### AIM OF THE EXERCISE
Give again, word for word, every line in the entries below from the line with "עין חרוד, 1934." up to and including the line with "הארץ שמארק טוויין", and no other line.

### INFORMATION SUPPLIED
_ _ _ _ _

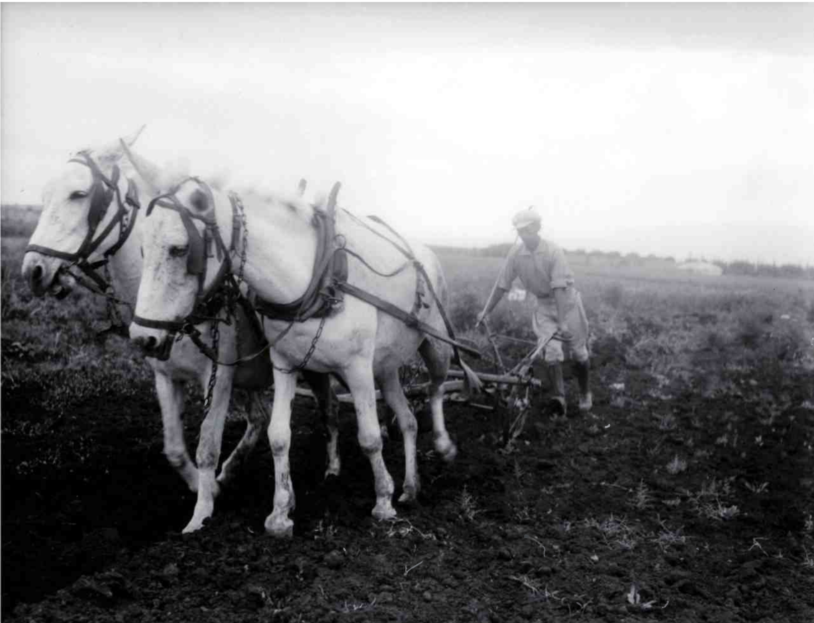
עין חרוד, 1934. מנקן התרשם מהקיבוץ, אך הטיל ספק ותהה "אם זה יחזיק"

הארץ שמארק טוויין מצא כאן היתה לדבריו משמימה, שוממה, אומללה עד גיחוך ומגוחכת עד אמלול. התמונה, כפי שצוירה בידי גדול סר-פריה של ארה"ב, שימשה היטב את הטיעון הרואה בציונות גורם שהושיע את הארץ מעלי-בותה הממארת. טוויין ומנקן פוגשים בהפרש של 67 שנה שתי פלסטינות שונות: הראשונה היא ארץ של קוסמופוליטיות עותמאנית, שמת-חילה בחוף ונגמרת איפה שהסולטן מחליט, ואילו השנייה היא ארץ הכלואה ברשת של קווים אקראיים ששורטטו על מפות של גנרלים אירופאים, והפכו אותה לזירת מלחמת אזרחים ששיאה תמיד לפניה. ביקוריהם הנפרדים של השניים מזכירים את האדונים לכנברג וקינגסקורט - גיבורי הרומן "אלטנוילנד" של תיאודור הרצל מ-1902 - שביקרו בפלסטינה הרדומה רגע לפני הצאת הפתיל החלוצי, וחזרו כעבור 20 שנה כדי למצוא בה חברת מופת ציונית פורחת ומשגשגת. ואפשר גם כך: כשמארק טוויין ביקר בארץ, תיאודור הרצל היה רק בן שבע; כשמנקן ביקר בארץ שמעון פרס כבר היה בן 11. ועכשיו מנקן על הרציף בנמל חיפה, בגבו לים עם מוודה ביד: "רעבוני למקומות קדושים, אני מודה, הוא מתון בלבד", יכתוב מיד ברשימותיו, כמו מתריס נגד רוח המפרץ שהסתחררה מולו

_ _ _ _ _

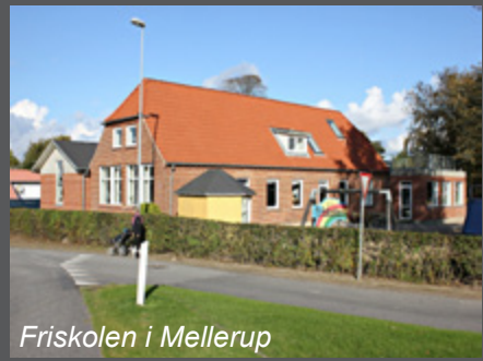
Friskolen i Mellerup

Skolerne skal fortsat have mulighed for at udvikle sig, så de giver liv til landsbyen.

_ _ _ _ _

### RESPONSE TO THE EXERCISE
עין חרוד, 1934. מנקן התרשם מהקיבוץ, אך הטיל ספק ותהה "אם זה יחזיק"

הארץ שמארק טוויין מצא כאן היתה לדבריו משמימה, שוממה, אומללה עד גיחוך ומגוחכת עד אמלול. התמונה, כפי שצוירה בידי גדול סר-פריה של ארה"ב, שימשה היטב את הטיעון הרואה בציונות גורם שהושיע את הארץ מעלי-בותה הממארת. טוויין ומנקן פוגשים בהפרש של 67 שנה שתי פלסטינות שונות: הראשונה היא ארץ של קוסמופוליטיות עותמאנית, שמת-חילה בחוף ונגמרת איפה שהסולטן מחליט, ואילו השנייה היא ארץ הכלואה ברשת של קווים אקראיים ששורטטו על מפות של גנרלים אירופאים, והפכו אותה לזירת מלחמת אזרחים ששיאה תמיד לפניה. ביקוריהם הנפרדים של השניים מזכירים את האדונים לכנברג וקינגסקורט - גיבורי הרומן "אלטנוילנד" של תיאודור הרצל מ-1902 - שביקרו בפלסטינה הרדומה רגע לפני הצאת הפתיל החלוצי, וחזרו כעבור 20 שנה כדי למצוא בה חברת מופת ציונית פורחת ומשגשגת. ואפשר גם כך: כשמארק טוויין ביקר בארץ, תיאודור הרצל היה רק בן שבע; כשמנקן ביקר בארץ שמעון פרס כבר היה בן 11. ועכשיו מנקן על הרציף בנמל חיפה, בגבו לים עם מוודה ביד: "רעבוני למקומות קדושים, אני מודה, הוא מתון בלבד", יכתוב מיד ברשימותיו, כמו מתריס נגד רוח המפרץ שהסתחררה מולו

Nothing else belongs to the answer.